Bridging the Growth Capital Gap: From €20 Million in Revenue to €200 Million
Over the past decade, Europe has made real progress in supporting early-stage innovation. Jean Schmitt acknowledges that countries like France, Germany, Italy, and others—alongside regions like Canada, Korea, and Japan—have all increased their venture capital allocations significantly. In fact, when measured against GDP, Europe has now overtaken the U.S. in venture capital deployment at the seed and early growth stages.
That’s a meaningful achievement, and it reflects a growing understanding of how to support startups in the formative phases of their development.
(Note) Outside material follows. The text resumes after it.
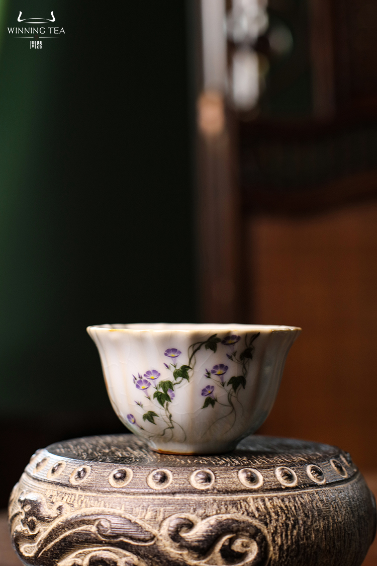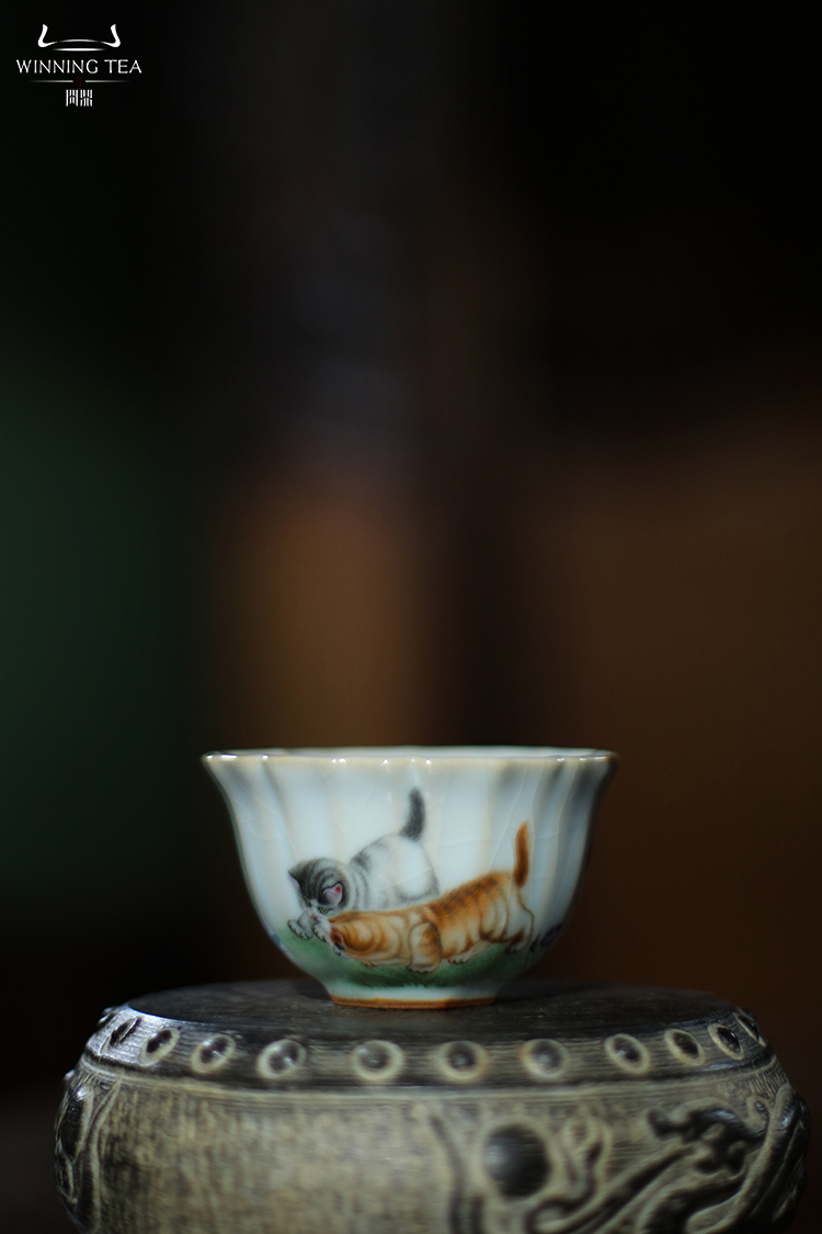 问鼎汝瓷月白老款沐菊杯(千伶百俐)(猫咪)(缺货)

But Schmitt is quick to point out that this success hides a deeper, unresolved issue. While Europe has learned to fund the beginning of the journey, it still fails to fund what comes next. Growth capital, the kind that supports scale-up and industrial expansion, remains dramatically underdeveloped. And the gap between Europe and the U.S. in this area is not shrinking—it’s growing.
U.S. growth capital investment has been “explosive,” Schmitt notes. Europe’s, by contrast, has barely budged. That leaves promising companies stranded. “We are going to lose a lot of startups,” he warns. Not just the weak ones, which, in some sense, the market can afford to lose, but strong, well-run companies with real potential that simply lack access to the multi-stage funding needed to go from €20 million in revenue to €200 million.
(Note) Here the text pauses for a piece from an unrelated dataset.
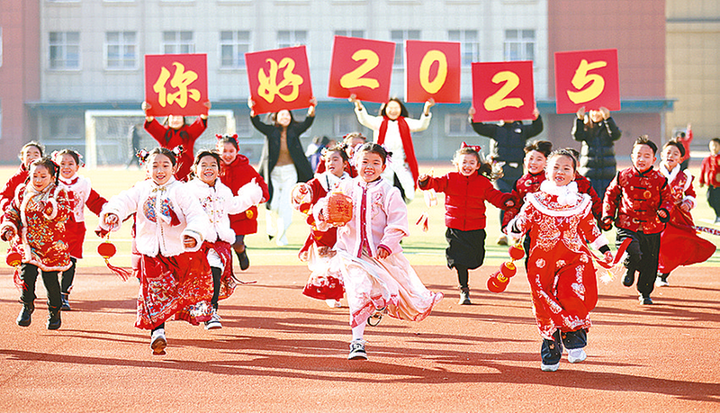 2024年 12月31日,山东省临沂市郯城县第一实验小学的学生穿着传统服饰,喜迎新年的到来。当日是2024年的最后一天。岁序更替,华章日新。辞旧迎新之际,在祖国的各个角落,人们在平凡烟火中追寻生活的美好。 新华社发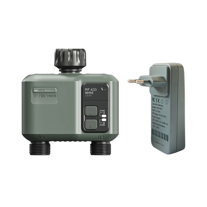 Praktischer smarter Timer mit doppeltem Ausgang, Regensensor und WiFi-Anschluss für eine effiziente automatische Gartenbewässerung. Vollständige Beschreibung

Growth capital is the lever that turns technical promise into industrial strength. It funds new factories, global sales organizations, supply chain infrastructure, and the hiring of senior commercial talent. Without it, scale is impossible. With it, companies can build the kind of strategic depth that makes them real players on the world stage.
For Schmitt, this isn't just about raising larger rounds. It’s about building a financial ecosystem in Europe that can support bold industrial ambitions. And that means going beyond early-stage VCs and public subsidies. It means serious, risk-aware private capital with long-term vision—and a deep understanding of what it takes to grow.